[R] Moving window regressions - how can I improve this code?

Sun May 16 08:15:12 CEST 2004

Prof. Bates, Gabor,

I had written a posting, some weeks ago, where I had written
fortrannish code for "moving window regressions" (also called 'rolling
window regression'), and asked how to do the code better. Both of you
had put much pain on this, and emerged with this great code:

   data(women)
   movingWindow2 <- function(formula, data, width, ...) {
       mCall = match.call()
       mCall$width = NULL
       mCall[[1]] = as.name("lm")
       mCall$x = mCall$y = TRUE
       bigfit = eval(mCall, parent.frame())
       ncoef = length(coef(bigfit))
       nr = nrow(data)
       width = as.integer(width)[1]
       stopifnot(width >= ncoef, width <= nr)
       y = bigfit$y
       x = bigfit$x
       terms = bigfit$terms
       inds = embed(seq(nr), width)[, rev(seq(width))]
       sumrys <- lapply(seq(nrow(inds)),
                        function(st) {
                            ind = inds[st,]
                            fit = lm.fit(x[ind,], y[ind])
                            fit$terms = terms
                            class(fit) = "lm"
                            summary(fit)
                        })
       list(coefficients = sapply(sumrys, function(sm) coef(sm)[,"Estimate"]),
            Std.Error = sapply(sumrys, function(sm) coef(sm)[,"Std. Error"]),
            sigma = sapply(sumrys, "[[", "sigma"),
            r.squared = sapply(sumrys, "[[", "r.squared"))
   }

I have one piece of information, and one bugreport:

  * I timed this, and compared it against my fortrannish code, and
    this is roughly 2.5x faster :-)

    > junk = data.frame(x=runif(1000), y=runif(1000))
    > system.time(movingWindowRegression(women, 1000, 9, weight ~ height, 2))
    [1] 20.07  0.01 20.80  0.00  0.00
    > system.time(movingWindow2(y ~ x, junk, 10))
    [1] 8.27 0.03 8.43 0.00 0.00

    (My notebook is a Celeron @ 500 Mhz).

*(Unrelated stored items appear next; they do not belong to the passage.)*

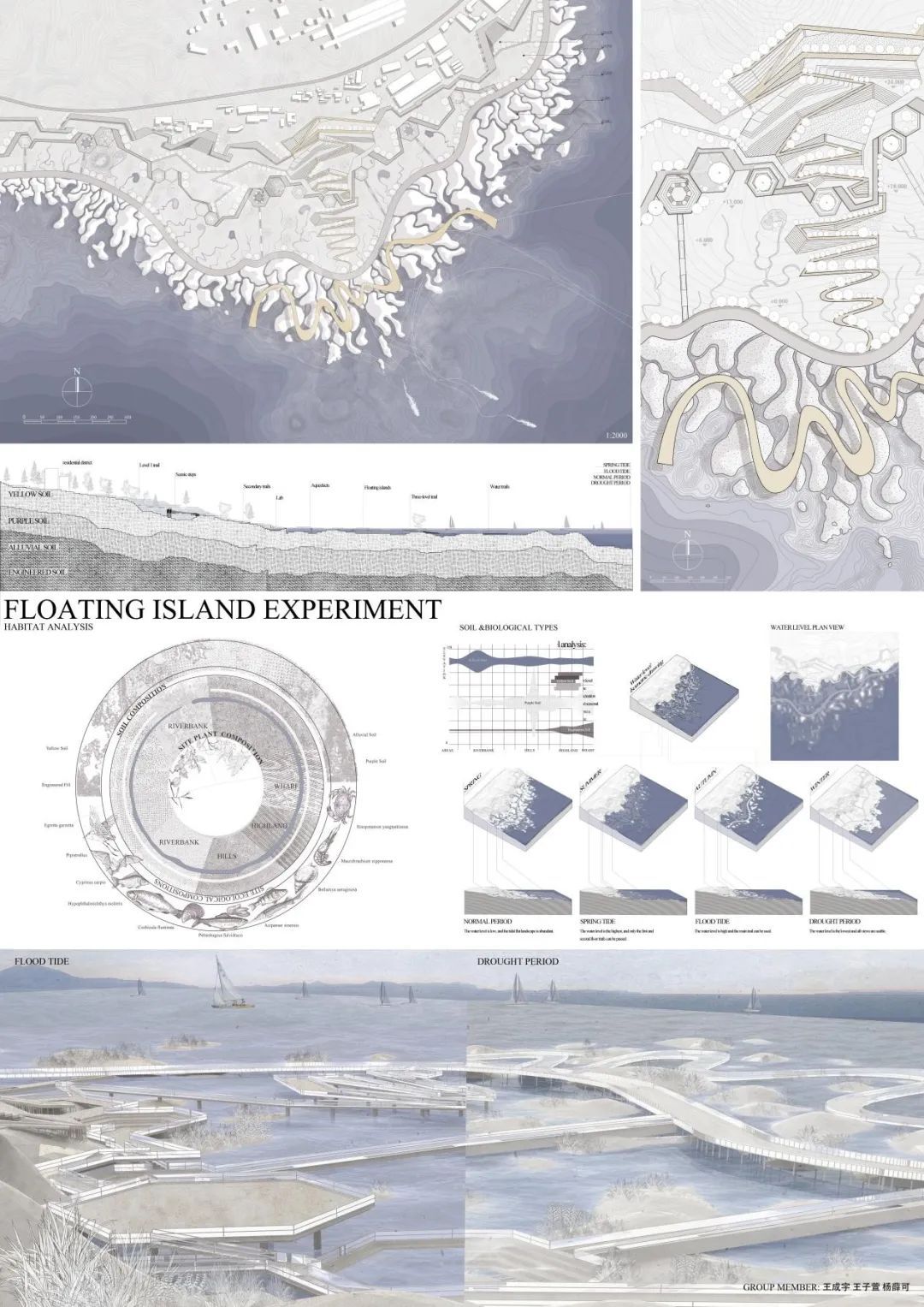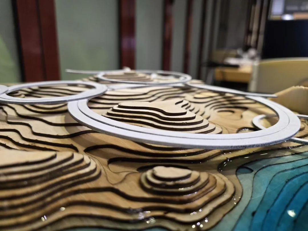 我们主要的设计方向是聚焦于人和场地的互动性,比如一个想做的主题是让人24h能亲水观水,所以做了很多将人从内陆引入滨江的道路,但是我们又希望人亲近水的同时,水也能自己去靠近人的空间,我们通过原有的河流素材概括了横向的湿地斑块,所以联想到在特定的节点做湿地空间,来配合不同季节的水位,消解了传统江岸轮廓的同时,引入较柔和的江水,然后我们不仅做了一些架空的观水廊道,还设置了下沉的广场空间,能够适应场地高差的同时,触碰到不同水位的江水,下面我们的模型配合亚克力做了两个不同季节水位的展示,以表现季节变化的湿地空间特征。
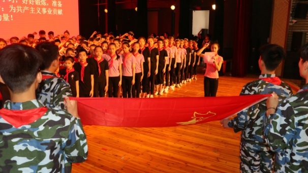 2017级舞蹈一班的黄雨珊代表老少先队员上台发言并带领新队员进行入队宣誓,黄雨珊表示:作为一名光荣的中国少年先锋队队员,我们要为飘扬的队旗添上光辉的一笔;今天,我们磨练羽翼,明天,我们将搏击长空!我们在知识的海洋中,踏浪而歌,奋勇前进,沿着夸父的脚步追逐太阳,循着精卫的身影修补蓝天……
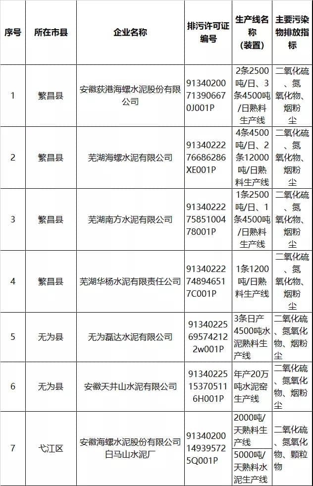 蕪湖市重點(diǎn)水泥行業(yè)企業(yè)(生產(chǎn)線)

  * I find it breaks when I ask him to do a regression on 1:

    > r = movingWindowRegression(junk, 1000, 10, y ~ 1, 1)
    > movingWindow2(y ~ 1, junk, 10) 
    Error in lm.fit(x[ind, ], y[ind]) : `x' must be a matrix

I am in awe of the movingWindow2 code but don't quite know what to
tamper with! :-) Could you please help?

movingWindow2 should be renamed to movingWindow, and it should really
be in some standard CRAN package. I know a lot of people who do moving
window estimation all the time and this fits. It does moving window
regressions, and using the formula X ~ 1, it also gives you rolling
window means and standard deviations.

For anyone who reads this post, and is interested in moving window
regressions, please do go back into the list archives and follow this
thread. The comments and suggestions by everyone have been incredibly
insightful. For the sake of completeness, my old code is at EOF here -
you will find it useful only in case you want to run
movingWindowRegression in my bugdemo above.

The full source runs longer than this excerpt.